What am I doing wrong here? I am trying to hide this <input id="toHide" class="btn btn-primary" value="View" type="button"> element and hence I’ve added an id=toHide and trying to hide it if the value if isViewable is N using the following piece of code in my JSFiddle here
for( var a = 0; a < data.length; a++){
console.log("isViewable length for "+a+" array!");
console.log(data[a].isViewable.length);
for (var b = 0; b < data[a].isViewable.length; b++) {
console.log(data[a].isViewable[b]);
if (data[a].isViewable[b] == "N"){
$("#toHide").hide();
}
} }
Not sure if this is the best way to hide the contents in a separate loop as I am doing above or should I do it while building the dynamic table itself? Please advise.
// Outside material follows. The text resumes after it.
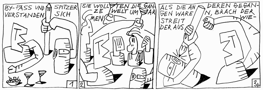 | (23 / 32) Die alten Gegner verstehen sich bestens. Es wird lange gefeiert, schließlich brechen die Kids auf. Die Mädchen wollen zu Gross-E, die Jungen zu Woo-Fi und Vulkana. Als Spitzer und By-Pass alleine sind genügt ein Wort. Schon sind sie wieder in den alten mörderischen Streit verwickelt. |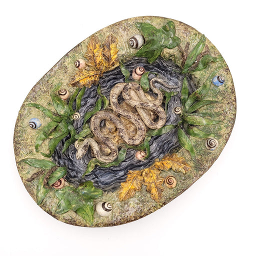 A 19th-century English majolica multi-colored glazed plate with lily pads.

Thanks
well for starters i’d recommend you investigate the forEach method, just for some readability aid.
Your primary problem at the moment is that you’re using id=‘toHide’ on a repeated element. You cant have more than one element with the same ID - ID’s are unique.
EDIT: Well i should phrase that better. If you have more than one element with the same ID, browsers will ignore the ID tag of all but the first element with that ID.
Thanks very much @Paul_Wilkins . This method reduces the headache of generating dynamic ids (unique ids) for the input element. One question, how’s this thing (category) => category.isViewable; referring to isViewable? I mean, I haven’t used anything like category in my JsFiddle code. Thanks
That is an ES6 feature called an arrow function, which is what I find makes one-liners really easy to understand. An expanded form of that line is:
function isViewable(category) {
return category.isViewable;
}
ES6 (also called ES2015) is an updated version of JavaScript with many new features. There’s also ES2016, ES2017 and so on too, with a smaller set of features, but as they are more recent, they are less likely to be supported by currently used browsers.